*** Extracted information ***

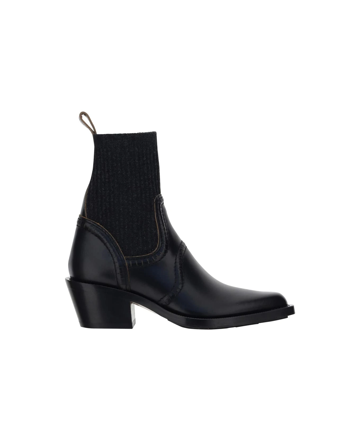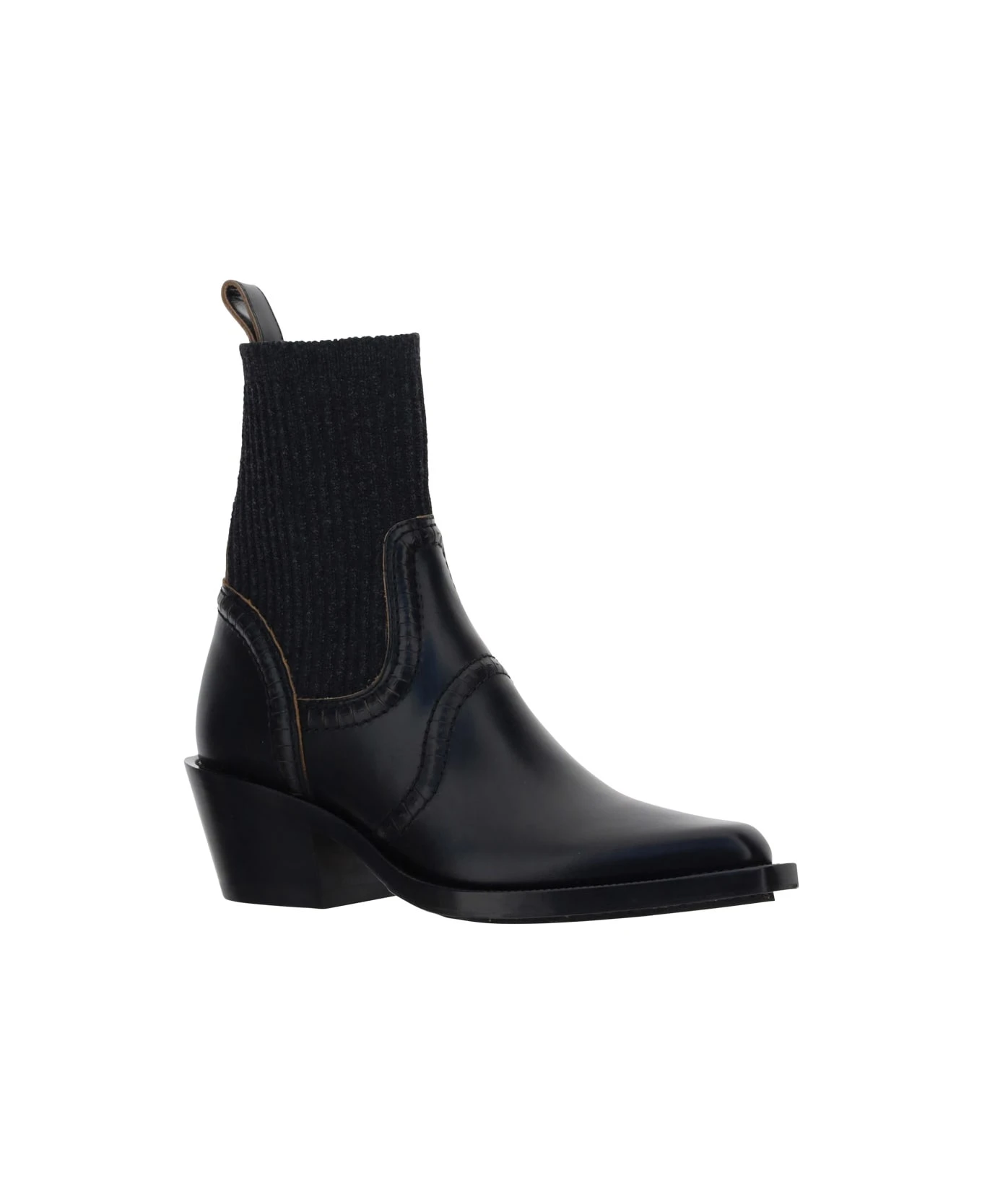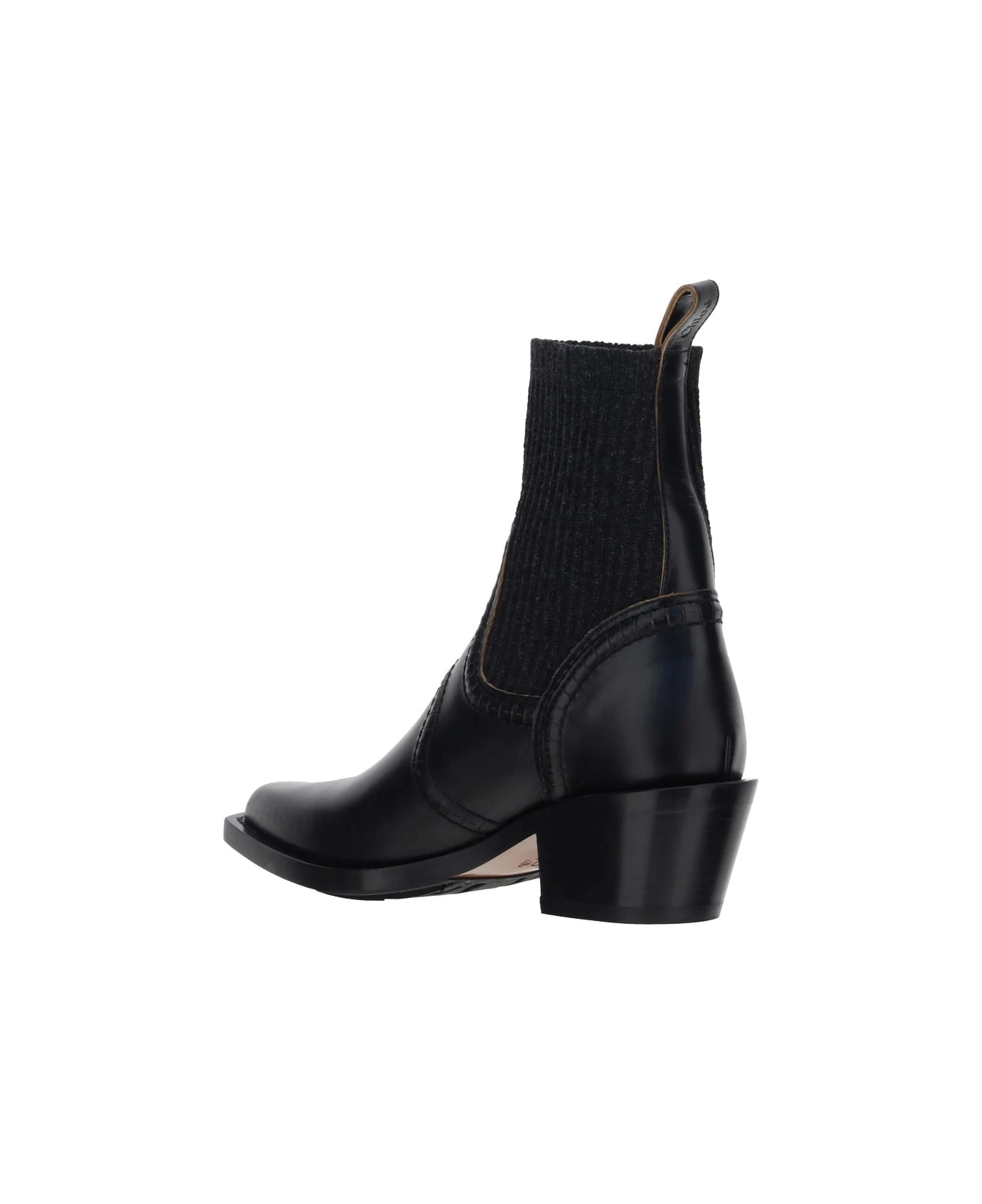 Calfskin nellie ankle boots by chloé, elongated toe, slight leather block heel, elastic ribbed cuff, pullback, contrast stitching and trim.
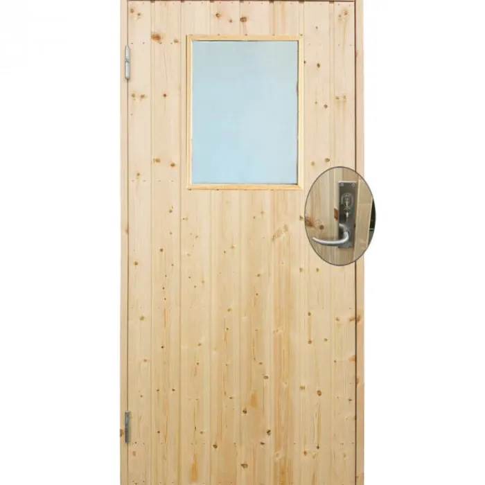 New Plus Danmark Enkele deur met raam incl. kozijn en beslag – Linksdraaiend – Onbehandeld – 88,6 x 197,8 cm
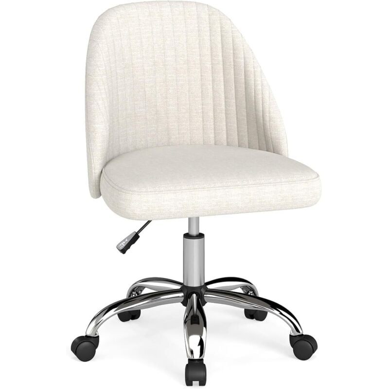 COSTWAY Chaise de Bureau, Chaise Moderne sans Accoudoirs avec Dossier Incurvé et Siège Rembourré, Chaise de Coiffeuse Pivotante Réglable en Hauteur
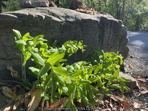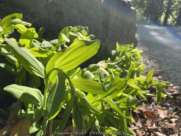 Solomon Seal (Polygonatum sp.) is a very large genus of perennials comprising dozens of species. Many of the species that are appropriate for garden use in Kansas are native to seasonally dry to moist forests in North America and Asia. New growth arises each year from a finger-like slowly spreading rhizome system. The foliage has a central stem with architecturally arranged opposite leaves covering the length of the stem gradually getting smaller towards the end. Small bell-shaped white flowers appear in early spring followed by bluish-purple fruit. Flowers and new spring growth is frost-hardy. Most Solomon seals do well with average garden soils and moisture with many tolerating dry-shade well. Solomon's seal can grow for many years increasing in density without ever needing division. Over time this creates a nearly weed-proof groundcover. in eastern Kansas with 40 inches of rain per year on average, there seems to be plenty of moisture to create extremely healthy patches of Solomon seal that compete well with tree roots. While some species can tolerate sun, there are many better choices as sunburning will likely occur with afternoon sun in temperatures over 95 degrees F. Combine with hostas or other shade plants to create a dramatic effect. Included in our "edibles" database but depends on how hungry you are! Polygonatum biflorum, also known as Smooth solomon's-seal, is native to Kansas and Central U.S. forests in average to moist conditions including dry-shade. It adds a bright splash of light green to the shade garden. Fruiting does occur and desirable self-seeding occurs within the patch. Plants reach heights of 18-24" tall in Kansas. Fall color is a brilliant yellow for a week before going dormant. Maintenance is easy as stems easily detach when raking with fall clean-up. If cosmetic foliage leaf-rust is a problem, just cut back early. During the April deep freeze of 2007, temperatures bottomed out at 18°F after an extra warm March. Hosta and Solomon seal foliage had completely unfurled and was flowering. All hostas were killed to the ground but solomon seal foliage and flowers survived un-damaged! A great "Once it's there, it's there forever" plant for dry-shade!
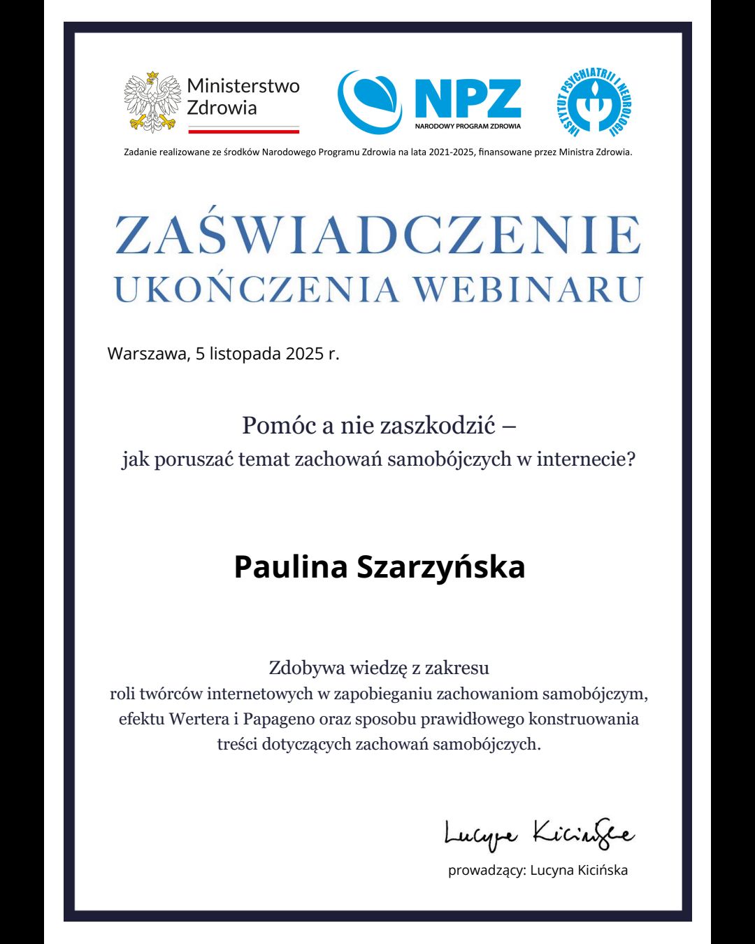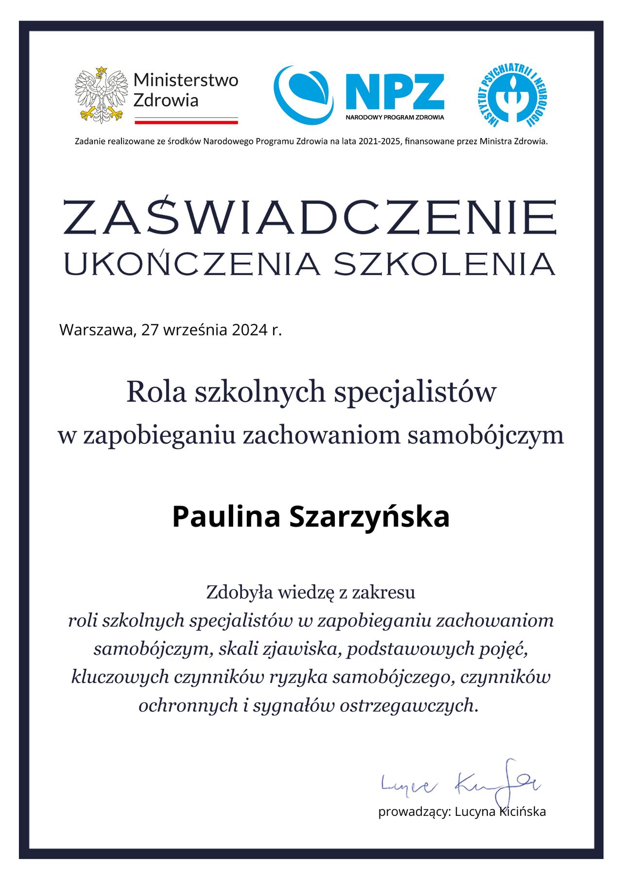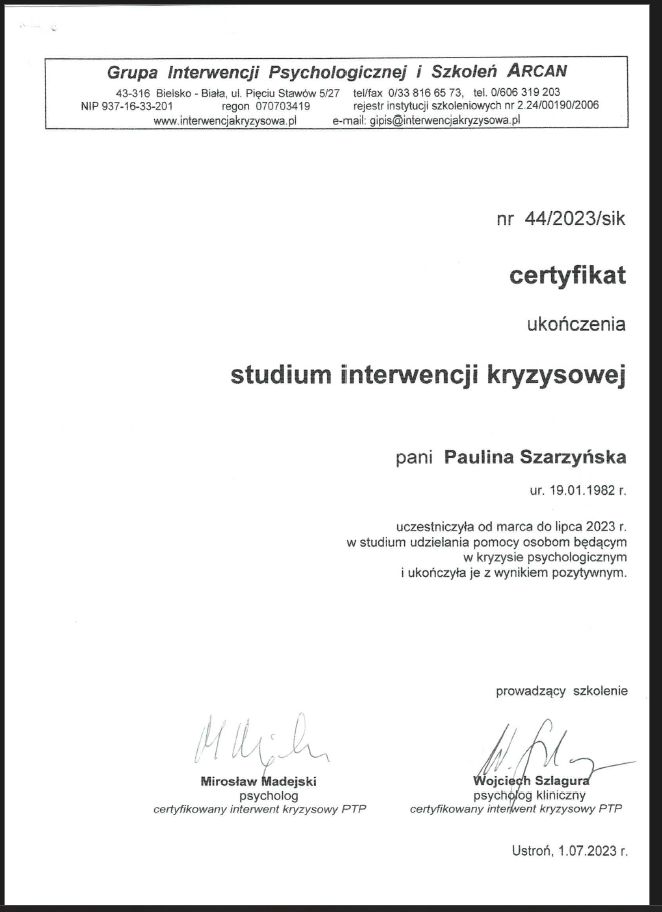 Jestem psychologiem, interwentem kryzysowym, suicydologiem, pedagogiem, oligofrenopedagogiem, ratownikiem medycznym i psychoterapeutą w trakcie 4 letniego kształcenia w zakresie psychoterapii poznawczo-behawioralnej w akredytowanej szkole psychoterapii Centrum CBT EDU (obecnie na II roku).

*** End of Extracted information ***

**Exercise:**
Exactly and only the lines from the top of the records down to the line containing "COSTWAY Chaise de" should be transcribed, please, without the pictures.

**Answer space:**
 Calfskin nellie ankle boots by chloé, elongated toe, slight leather block heel, elastic ribbed cuff, pullback, contrast stitching and trim.
 New Plus Danmark Enkele deur met raam incl. kozijn en beslag – Linksdraaiend – Onbehandeld – 88,6 x 197,8 cm
 COSTWAY Chaise de Bureau, Chaise Moderne sans Accoudoirs avec Dossier Incurvé et Siège Rembourré, Chaise de Coiffeuse Pivotante Réglable en Hauteur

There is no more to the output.